Does anyone have recommendations for running cbindgen as post-build step? by using build.rs as recommended by the docs it makes it so when I have basic typos in my Rust code, I sometimes run into parse errors like this:
--- stderr
thread 'main' panicked at 'called `Result::unwrap()` on an `Err` value: ParseSyntaxError { crate_name: "...", src_path: "...lib.rs", error: Error("expected identifier") }', src/libcore/result.rs:1188:5
note: run with `RUST_BACKTRACE=1` environment variable to display a backtrace.
instead of pretty rust compiler errors like this:
error: expected one of `!`, `(`, `,`, `>`, `?`, `for`, lifetime, or path, found `*`
--> src/lib.rs:18:14
|
18 | user_data: * mut c_void,
| ^ expected one of 8 possible tokens
there's some discussion of a postbuild.rs in cargo: https://github.com/rust-lang/cargo/issues/545 but also quite a bit of pushback on making cargo build more complex. It would be good to know if other folks have run into this and what solutions might be better than just temporarily renaming build.rs to disable cbindgen, then adding it back in once the Rust code works well.
Yes, I also gave up on the build.rs method for that reason. Instead I wrote a Makefile.

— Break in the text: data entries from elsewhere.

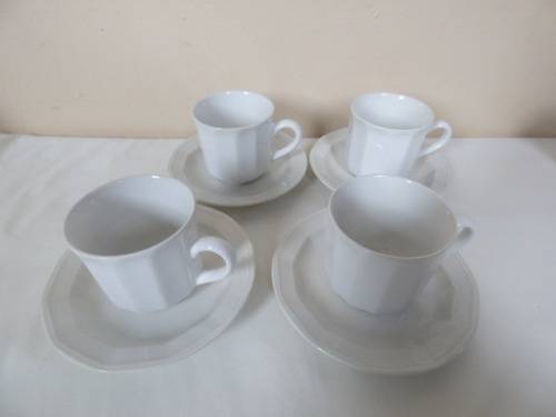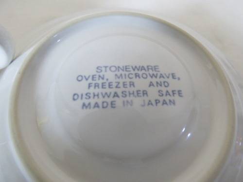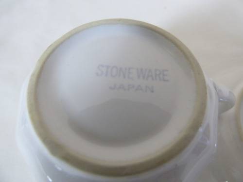 A LOVELY SET OF FOUR JAPAN STONEWARE COFFEE CUPS & SAUCERS, THESE ARE DISHWASHER AND MICROWAVE SAFE. THESE PIECES HAVE NO CHIPS OR BREAKS. THE CRISP WHITE WILL SUITE ANY TRAY OR TABLE YOU ARE PLANNING FOR LUNCH OR DINNER.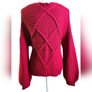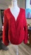 Chic and warm cable knit cardigan. Vibrant red hue. Perfect for layering.
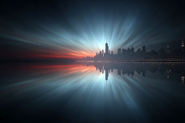 The artwork invites viewers into a fantastical portrayal of an iconic city skyline, bathed in the ethereal glow of a sunrise that fanfares the break of day. The horizon bends softly as whispers of daylight stretch across a mirrored water surface, turning the calm lake into a canvas of vibrant hues and shimmering lights. In this scene, the familiar contours of high-rises and landmarks gain new mysticism, being silhouetted against an expansive sky that blooms from deep blues into mesmerizing gradients of red and orange. This surrealistic representation takes one beyond mere observation, offering a moment of contemplation as ethereal rays pierce the heavens, painting each building with sharp, almost divine beams of light. While the city itself is obscured in the delicate dance of shadow and light, its essence is heightened, evoking a sense of infinite possibility and silent reverence for the day’s fledgling moments. The dual reality, where sky and water meld, serves as a testament to the nuances of reflection—both literal and metaphorical—as the scene invites onlookers to ponder their reflections amidst the realms of such urban majesty.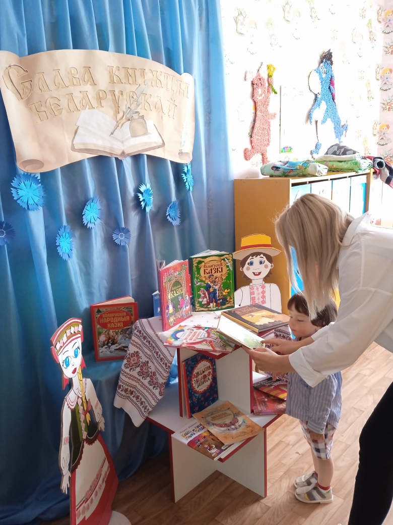 В младшей группе прошел целый комплекс мероприятий: воспитателем Денисеней Ольгой Александровной в группе, для родителей, была организована выставка книг белорусской литературы "Слава кніжцы беларускай", которую педагог активно использует в работе с детьми, чтение произведений художественной литературы, рассматривание иллюстраций книг. Так же законные представители воспитанников приняли участие в Челлендже "ЧЫТАЕМ РАЗАМ" (видео челленджа), где родители продемонстрировали выразительное чтение стихов, колыбельной и сказок на белорусском языке. Дома родителям предлагалось совместно с детьми просмотреть мультфильм на белорусском языке по мотивам сказки «Пiлiпка» https://www.youtube.com/watch?v=mQjkqgQua5g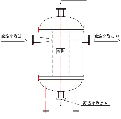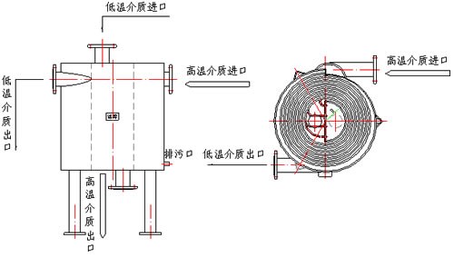 ○2可拆式Ⅱ型 可拆式Ⅱ型換熱器管內通道為閉式,介質螺旋狀運行,管外通道介質上下直通運行,主要適用于無壓力或兩個通道壓差大的場合,管內通道走壓力大、腐蝕嚴重者。這樣可節省材料且布局更趨合理性。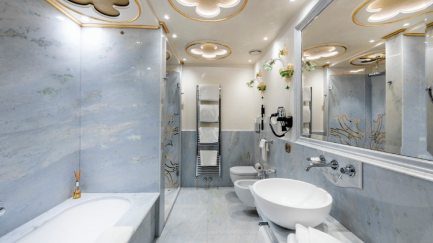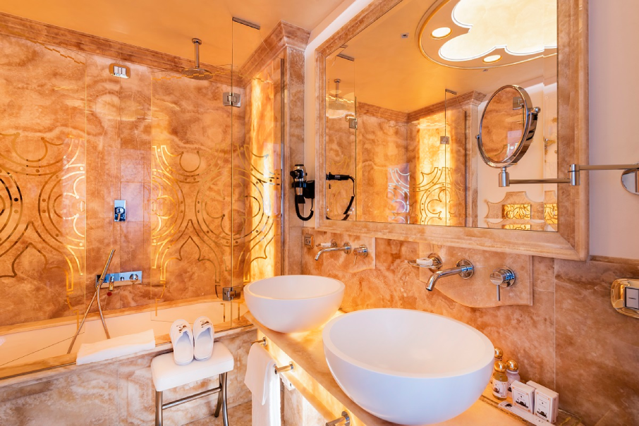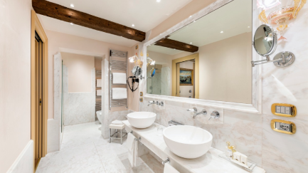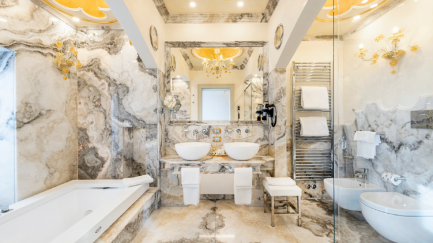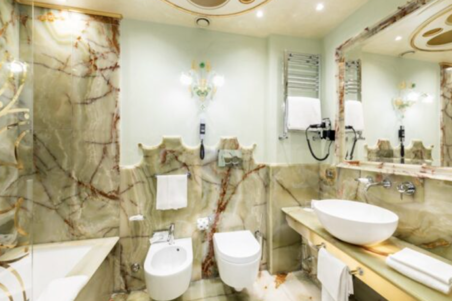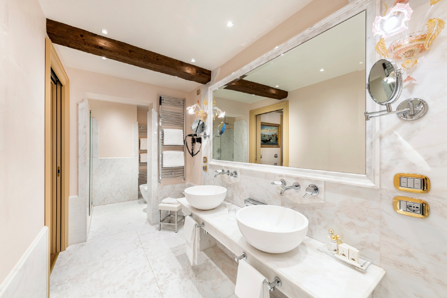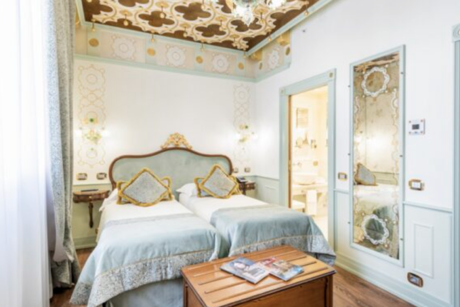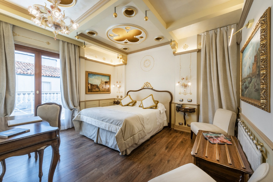 They are elegant and sober; the Venetian style is represented by precious fabrics, murrine, mosaics, and sumptuous chandeliers.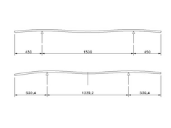 Using the support span as an average of Bessel and Airy points (0.558L) the drawing looks like this for a length of 2400mm.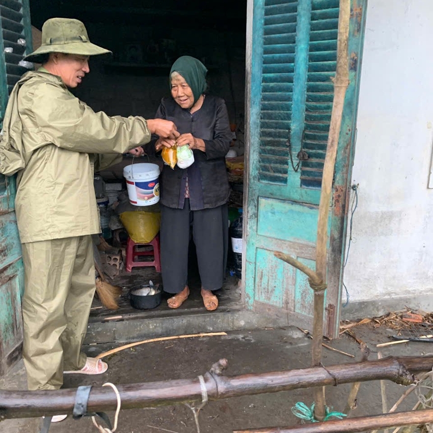 Lực lượng địa phương hỗ trợ nhu yếu phẩm cho người dân bị ảnh hưởng ngập lụt tại phường Hóa Châu, sáng 27/10.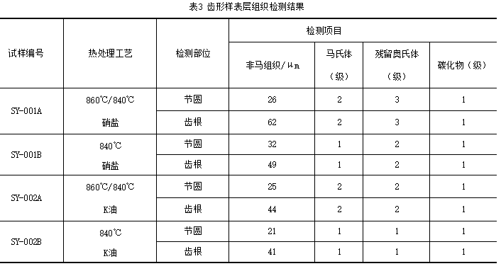 ①對(duì)于12模數(shù)20CrMnMo齒形樣而言,滲碳后采用硝鹽或油淬后,齒根處非馬組織深度均約為節(jié)圓處的1倍。相同淬火奧氏體化加熱工藝,鹽浴與K油淬火的非馬組織深度無(wú)明顯差別。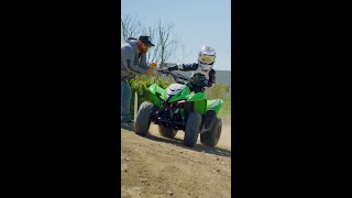 Four-wheel fun starts with KFX®. Get the kids outdoors and ready to ride on the KFX®90 ATV line with proportionate power and size for riders ages 10 and older. KFX90 ATVs let kids take on more challenging tracks and bigger adventures with an 89.9cc engine and sporty suspension.

what solutions might be better than just temporarily renaming
build.rsto disable cbindgen
You can have the build.rs check an env var with std::env::var() to decide whether it should disable cbindgen or not. Make sure to also emit cargo:rerun-if-env-changed for that var.
cbindgen when ran on build.rs could potentially run rustc -Z syntax-only or something to provide a nicer error, but...
I expect the simplest solution if you want to do it from build.rs would be to create a crate that depends on the crate that you want to run cbindgen on, and then run cbindgen on that dependency, or something.
I too was hit by this. I have a workaround that I use locally that solves it:
extern crate cbindgen;
use std::env;
fn main() {
let crate_dir = env::var("CARGO_MANIFEST_DIR").unwrap();
match cbindgen::generate(&crate_dir) {
Ok(gen) => gen,
Err(e) => match e {
// Ignore syntax errors because those will be handled later on by cargo build.
cbindgen::Error::ParseSyntaxError {
crate_name: _,
src_path: _,
error: _,
} => return,
_ => panic!("{:?}", e),
},
}.write_to_file("target/header.h");
}
It just ignores parse errors because those would be handled by the rest of the build process anyway... I have no idea if it breaks other things, but it works for me and makes development a bit less annoying. :)
Also, I have no idea why, but I wasn't able to use unwrap_or_else nor e.kind(), so we get this slightly ugly match.
Maybe it should be added to the README?
Adjusted @tasn's answer to read a bit cleaner:
match cbindgen::generate(&crate_dir) {
Ok(bindings) => bindings.write_to_file("target/header.h"),
Err(cbindgen::Error::ParseSyntaxError { .. }) => return, // ignore in favor of cargo's syntax check
Err(err) => panic!("{:?}", err)
};
It's much cleaner, thanks for sharing!
This is so much better. It should really be added to the README! It's impossible to actually write code while using cbindgen, the recommended way.